Oh, I have forgotten how dangerous the office environment is to dieting. Those bagels and donuts! What to do? What to do?

God. Please, please, give me the strength to get through this stressful time of my life without turning to food anymore!

On a positive note: I was able to exchange my son's bike for a smaller one (Thank you WalMart’s 90-day guarantee on their cheap products!), and we were able to take Hunter biking around Lake Margret (a man-made lake in the city park where my parents' live) during Labour Day weekend. Holiday fun!

Additionally: I lost 1.5 lbs this week, making the total lost this month 3.5 lbs.


6 comments:

Anonymous said...

won't let me comment.. grrr..

ok, u had all that and u lost a massive 1.5lb? Respect

Don't be too hard on yourself.. things are tough, you are tired.. just don't feel bad about giving yoruself a break and some down time..

skinnyminny8

Unknown said...

A biiiiiiiig hug to you LilyT - and I admire your patience in response to Ly getting all of those potato chips, I probably would've squirted detergent all over them by now! O_O

You DO need to give yourself a break - this is about YOU and you sound like you need some time to recharge.

Do you have a girlfriend that you can just hang out with for a bit? I reckon you need some sort of pampering and relaxation, but at this moment because pampering and relaxation isn't on hand - you're turning to food instead.

I'm thinking of you and rooting you on hon! Best of luck, and keep us informed.

A BLOG NOT HERE said...

Hi Lily T :)

I saw on Marshmallow's blog that you needed a friend so here I am to tell you that you are a stronger human being than you think you are. HUG

Most people would not lose any weight faced with everything that you were faced with honey and you sound to me like you are handling all of this stuff with as much grace as you can.
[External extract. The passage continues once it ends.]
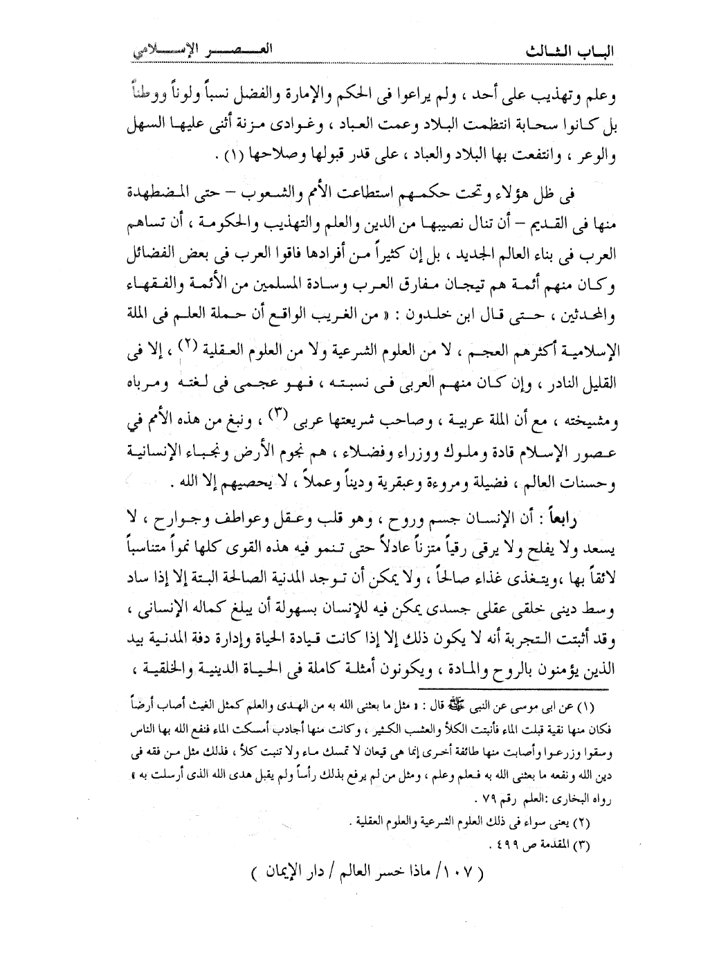 في ظل هؤلاء وتحت حكمهم استطاعت الأمم والشعوب - حتى المضطهدة منها في القديم- أن تنال نصيبها من الدين والعلم والتهذيب والحكومة، أن تساهم العرب في بناء العالم الجديد بل إن كثيراً من أفرادها فاقوا العرب في بعض الفضائل، وكان منهم أئمة هم تيجان مفارق العرب وسادة المسلمين من الأئمة والفقهاء والمحدثين، حتى قال ابن خلدون: ((من الغريب الواقع أن حملة العلم في الملة الإسلامية أكثرهم العجم، لا من العلوم الشرعية ولا من العلوم العقلية (¬2) ، إلا في القليل النادر، وإن كان منهم العربي في نسبته، فهو عجمي في لغته، ومرباه ومشيخته، مع أن الملة عربية، وصاحب شريعتها عربي (¬3)) . ونبغ من هذه الأمم في عصور الإسلام قادة وملوك ووزراء وفضلاء، هم نجوم الأرض ونجباء الإنسانية، وحسنات العالم، فضيلة ومروءة وعبقرية وديناً وعملاً، لا يحصيهم إلا الله.

Absorb all of this and make it a positive learning life lesson for yourself. You are a wonderful person, Lily T!!

Lily T said...

Skinnyminny8
Thanks for your support. Yeah, I lost 1.5lbs. I don't understand it either. I think the pounds will show up next week.

Marshmallow
You are so sweet. I do need a break, but I can only afford a short one. That's why I'm planning to go for a short walk when I return home from school/internship to re-charge. Hanging out with girlfriends? I haven't done that since I was in junior high. I've never been good with that kind of intimacy. I know it’s important, so it’s something I’m working on. Thanks for your support, and thanks for mentioning me on your blog. I was feeling sad, but when I read your blog and comments I feel better.

Fat Bitch
You seem like such a warm and understanding person. From my experience (which is very little), hardship can make you a better or a worst person. You sound like someone who have experienced it and came out on top. Thank you for your comment.

A BLOG NOT HERE said...

Hi Lily T :)

You are right, sweetie. Hardship can definitely shape a person's character for the better or worse. The fact that you realize this and say it makes YOU someone special.

I hope you are feeling better within yourself today my friend. There are a lot of people here who care about you and wish you well. HUG

Kimberly said...

Oh, Lily, I hope everything is going okay. I know how that spiral goes. It's like every little bit you fall makes another fall easier to come by. But you can do it, pull yourself back up. I'll say a prayer for you as well and I hope to see you back on here soon to update us all.

I fear no one’s opinion! I am knowledgeable, focused, and efficient. I make this priority and build from experience. I do this for my children and myself. Supported by love, I will persevere.